Differences by market

Although senior housing occupancy was stable overall nationally, it continued to vary among the 31 primary markets. Occupancy ranged from a low of approximately 77% in Houston (77.1%) and San Antonio (77.4%) to a high of more than 92% in San Diego (92.2%) and San Jose, CA (94.1%).

“The seventeen percentage point spread in occupancy across these major U.S. markets is exceptionally wide when compared to other commercial property types,” said Chuck Harry, NIC’s head of research and analytics.

Supply in markets can differ due to the cost of development, barriers to entry, how difficult it is to get land entitled and regulatory restrictions, whereas demand is a function of local demographics as well as the overall performance of the local economy, Mace said.

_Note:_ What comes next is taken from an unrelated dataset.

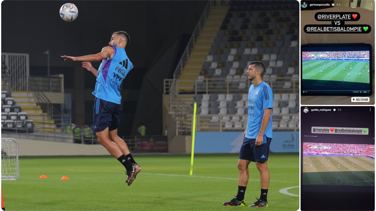Los 26 convocados por Lionel Scaloni para Qatar 2022 se van a ir sumando poco a poco, en función de los compromisos de sus equipos. Entre los primeros internacionales argentinos en llegar a Abu Dahbi están los dos representantes del Betis, el central Germán Alejo Pezzella y el mediocentro Guido Rodríguez, que además son canteranos de River Plate y, en parte, tenían el corazón un poco divido.

Assisted living versus independent living

Assisted living occupancy averaged 85.5% during the first quarter, up only 30 basis points from the all-time low of 85.2% reached in the second quarter of 2018. It was also up 0.1 percentage point from the fourth quarter but declined 0.2 percentage point from a year ago.

“That’s sort of a hangover effect from after the recession, because there was more capital and more development put into assisted living,” Mace said of challenges in the sector.

Independent living occupancy averaged 90.4% during the first quarter, up 0.1 percentage point from the previous quarter and unchanged from a year ago.

“Assisted living is a little bit more recession-proof, so after the great recession, people invested more money in that and less so into independent living, because it is viewed more as choice-based,” Mace said.

A little surprise

The chief economist said she was “a little surprised” that, overall, demand was stronger than inventory, based on unit count, for the second quarter in a row. “I view that as good, and that contributed to the increase in occupancy, albeit by little bit,” she said.

The absorption rate was 3% as of the first quarter of 2019, up 0.3 percentage points from the fourth quarter of 2018 and up 0.7 percentage points from one year earlier. The annual inventory growth rate in the first quarter of 2019 was slightly higher than the absorption rate, at 3.1%, declining 0.4 percentage points from the fourth quarter.

The average rate of senior housing’s annual asking rent growth was 3% during the first quarter of 2019, unchanged from the previous quarter and down from a recent high of 3.8% in the fourth quarter of 2016.